■ **Information provided**:
════

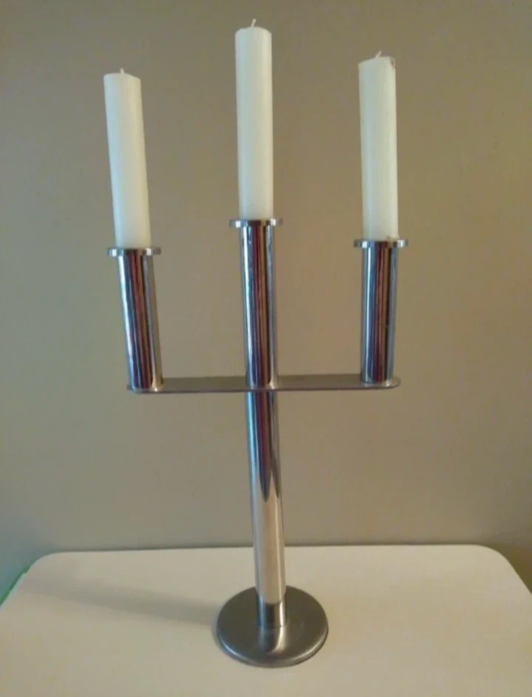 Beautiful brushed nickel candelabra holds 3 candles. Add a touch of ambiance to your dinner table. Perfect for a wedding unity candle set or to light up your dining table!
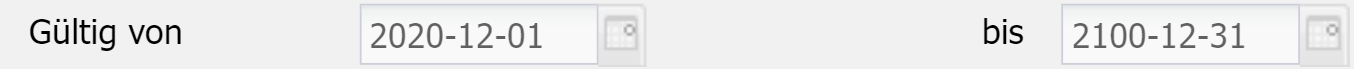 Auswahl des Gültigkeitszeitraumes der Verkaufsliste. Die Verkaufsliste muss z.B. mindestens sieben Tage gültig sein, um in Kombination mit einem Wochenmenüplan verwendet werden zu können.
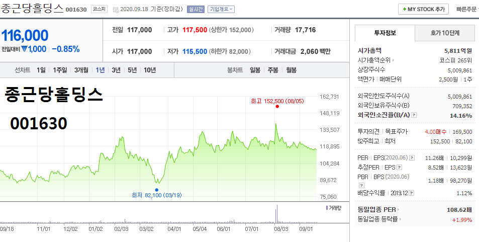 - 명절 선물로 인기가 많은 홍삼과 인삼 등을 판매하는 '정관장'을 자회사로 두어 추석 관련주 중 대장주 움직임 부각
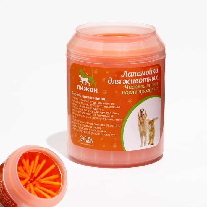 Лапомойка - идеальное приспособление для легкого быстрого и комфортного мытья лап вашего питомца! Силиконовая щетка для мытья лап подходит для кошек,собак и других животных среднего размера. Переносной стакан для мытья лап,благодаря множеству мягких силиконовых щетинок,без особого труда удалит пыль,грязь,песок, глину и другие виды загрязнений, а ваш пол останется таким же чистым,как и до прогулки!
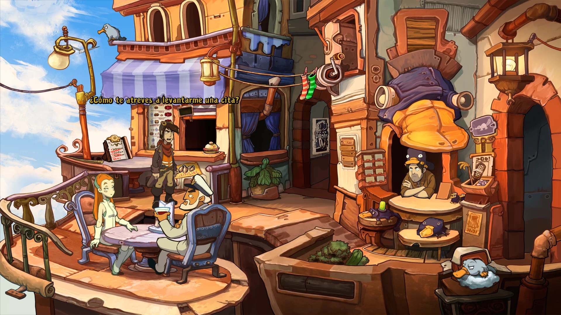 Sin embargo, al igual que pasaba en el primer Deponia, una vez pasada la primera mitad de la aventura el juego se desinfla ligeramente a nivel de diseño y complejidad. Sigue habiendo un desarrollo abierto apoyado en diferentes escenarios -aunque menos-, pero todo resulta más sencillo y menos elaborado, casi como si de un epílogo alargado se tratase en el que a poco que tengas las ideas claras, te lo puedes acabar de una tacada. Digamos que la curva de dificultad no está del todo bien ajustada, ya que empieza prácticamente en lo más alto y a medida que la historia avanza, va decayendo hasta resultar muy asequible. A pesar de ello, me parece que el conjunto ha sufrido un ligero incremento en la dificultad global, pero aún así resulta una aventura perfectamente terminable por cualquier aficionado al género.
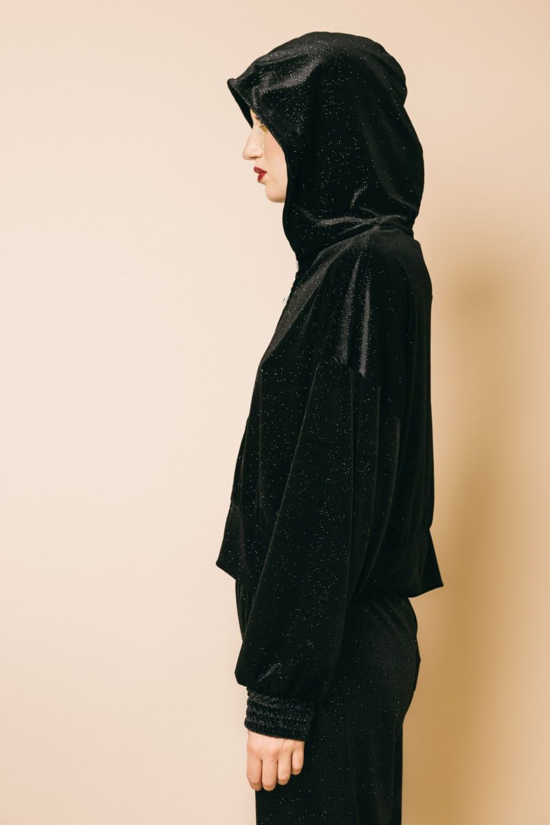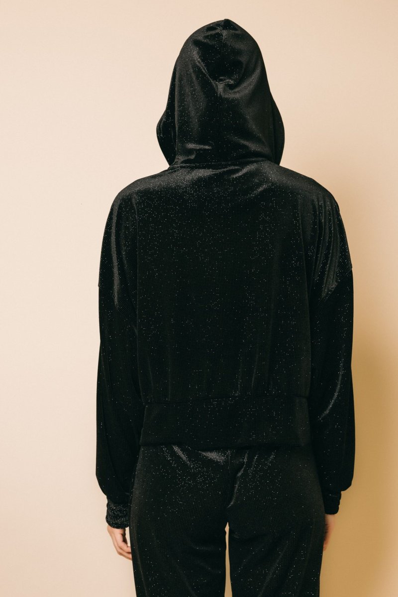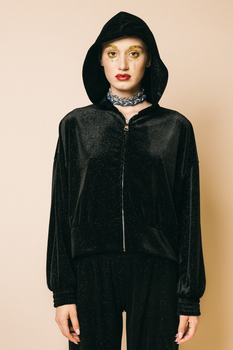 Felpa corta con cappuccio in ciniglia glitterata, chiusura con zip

════

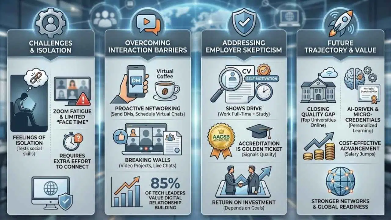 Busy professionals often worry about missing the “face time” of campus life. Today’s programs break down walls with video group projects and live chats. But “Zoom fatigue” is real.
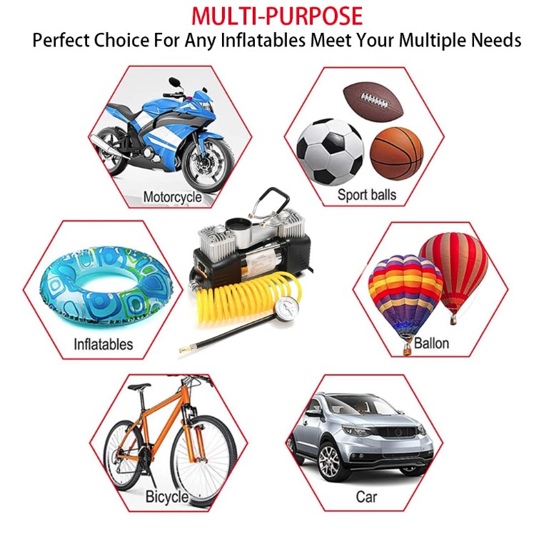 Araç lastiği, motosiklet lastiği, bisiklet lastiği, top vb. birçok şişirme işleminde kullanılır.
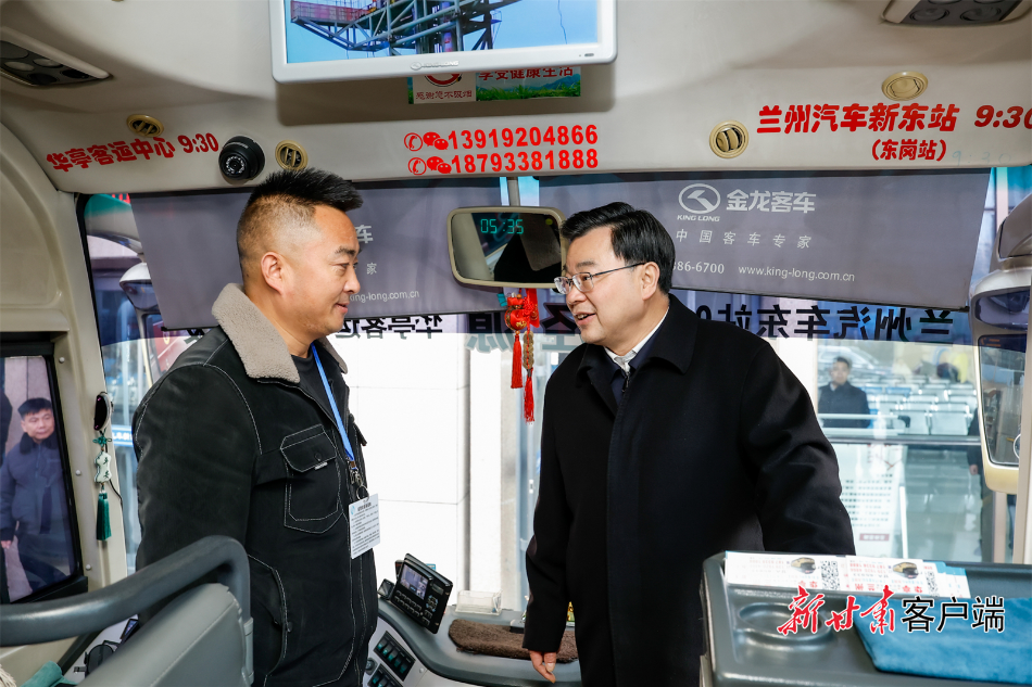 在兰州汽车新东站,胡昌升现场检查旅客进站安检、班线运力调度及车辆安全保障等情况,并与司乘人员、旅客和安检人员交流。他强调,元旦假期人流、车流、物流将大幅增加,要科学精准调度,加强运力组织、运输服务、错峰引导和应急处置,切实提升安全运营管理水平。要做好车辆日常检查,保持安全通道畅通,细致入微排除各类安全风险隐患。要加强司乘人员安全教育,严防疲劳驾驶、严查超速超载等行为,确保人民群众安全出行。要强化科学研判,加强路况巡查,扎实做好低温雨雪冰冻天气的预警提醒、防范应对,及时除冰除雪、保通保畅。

════

■ **What is required**:
Find where the line with "Busy professionals often" sits in the material above and where the line with "在兰州汽车新东站,胡昌升现场" sits. Set down exactly the lines from the first to the second, both included and nothing else, without pictures.

■ **Response to this task**:
 Busy professionals often worry about missing the “face time” of campus life. Today’s programs break down walls with video group projects and live chats. But “Zoom fatigue” is real.
 Araç lastiği, motosiklet lastiği, bisiklet lastiği, top vb. birçok şişirme işleminde kullanılır.
 在兰州汽车新东站,胡昌升现场检查旅客进站安检、班线运力调度及车辆安全保障等情况,并与司乘人员、旅客和安检人员交流。他强调,元旦假期人流、车流、物流将大幅增加,要科学精准调度,加强运力组织、运输服务、错峰引导和应急处置,切实提升安全运营管理水平。要做好车辆日常检查,保持安全通道畅通,细致入微排除各类安全风险隐患。要加强司乘人员安全教育,严防疲劳驾驶、严查超速超载等行为,确保人民群众安全出行。要强化科学研判,加强路况巡查,扎实做好低温雨雪冰冻天气的预警提醒、防范应对,及时除冰除雪、保通保畅。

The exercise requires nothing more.